» PROBLEM TO SOLVE:
Write out, from the entries below, exactly the lines that run between the lines holding "90th birthday pink" and "Csökkenti a nyomást", inclusive, and stop there.

» GIVEN RECORDS:
<<<<

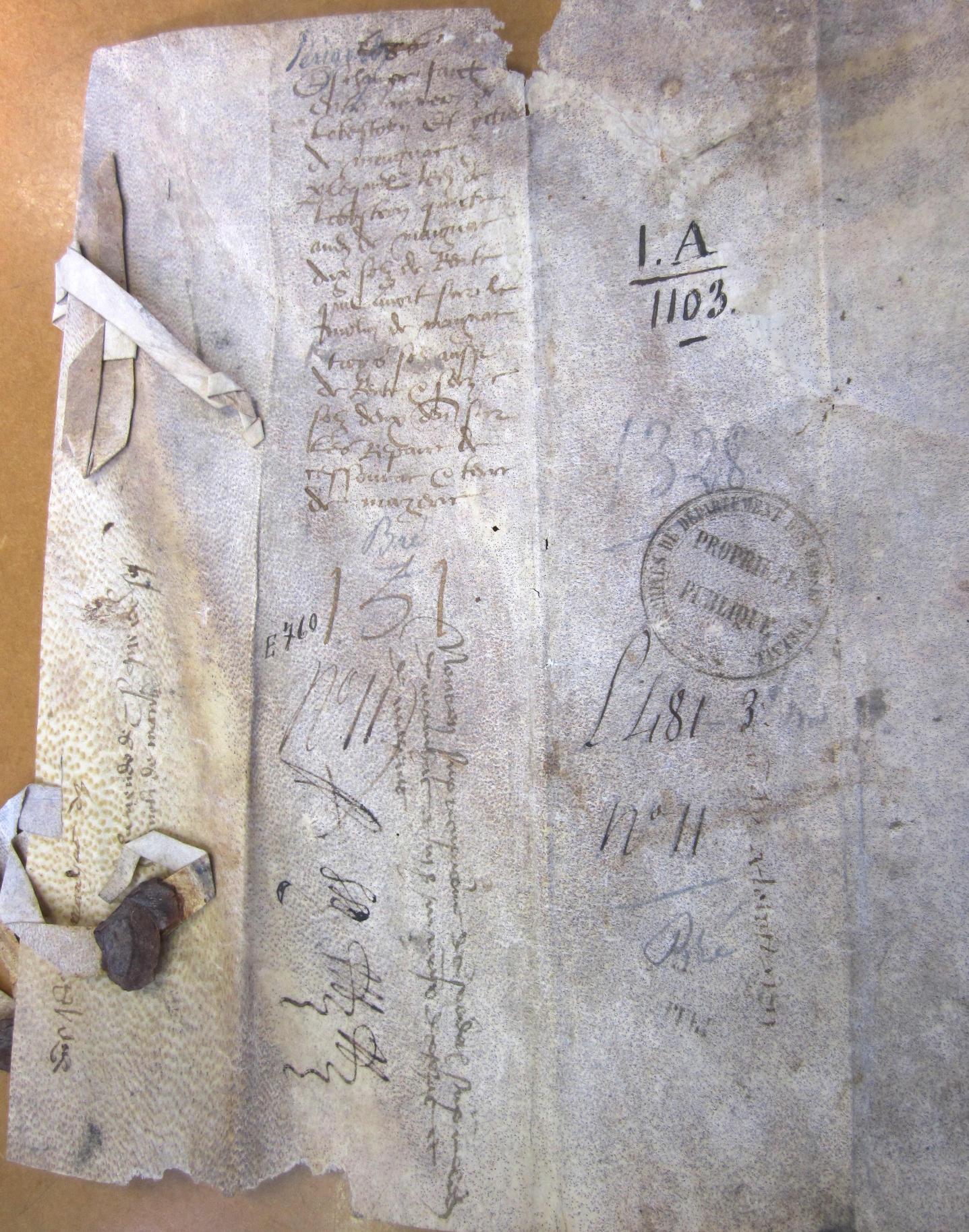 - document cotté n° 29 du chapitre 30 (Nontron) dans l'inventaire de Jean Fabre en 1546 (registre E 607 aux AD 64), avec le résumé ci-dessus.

>>>>
<<<<

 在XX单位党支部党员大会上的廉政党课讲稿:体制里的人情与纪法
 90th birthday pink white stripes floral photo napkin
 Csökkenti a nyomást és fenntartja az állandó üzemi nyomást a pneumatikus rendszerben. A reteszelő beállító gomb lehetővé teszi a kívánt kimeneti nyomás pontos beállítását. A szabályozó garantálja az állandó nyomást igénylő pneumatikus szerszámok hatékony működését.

>>>>
<<<<

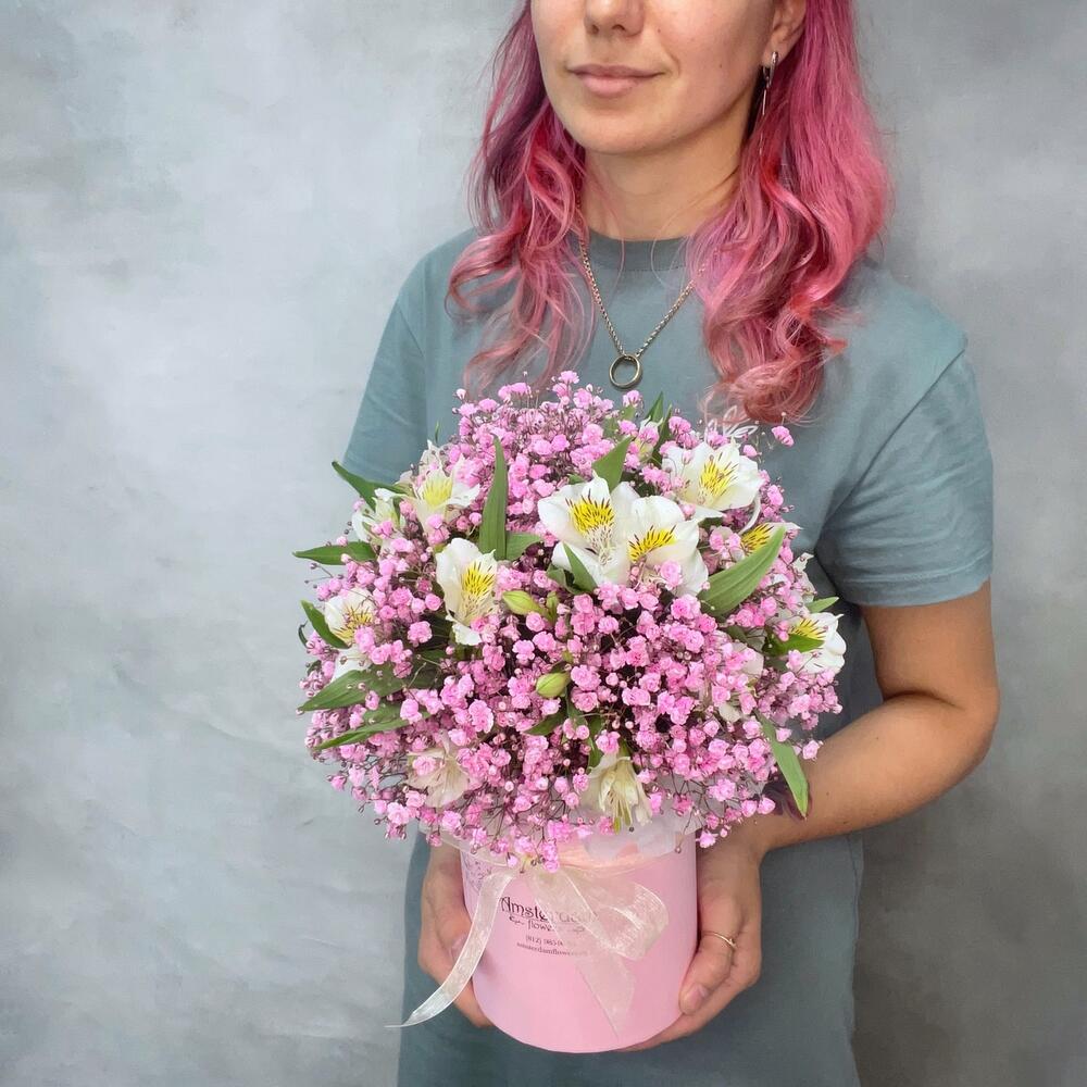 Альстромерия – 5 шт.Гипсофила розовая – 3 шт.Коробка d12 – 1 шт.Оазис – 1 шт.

>>>>

» EXERCISE OUTPUT:
 90th birthday pink white stripes floral photo napkin
 Csökkenti a nyomást és fenntartja az állandó üzemi nyomást a pneumatikus rendszerben. A reteszelő beállító gomb lehetővé teszi a kívánt kimeneti nyomás pontos beállítását. A szabályozó garantálja az állandó nyomást igénylő pneumatikus szerszámok hatékony működését.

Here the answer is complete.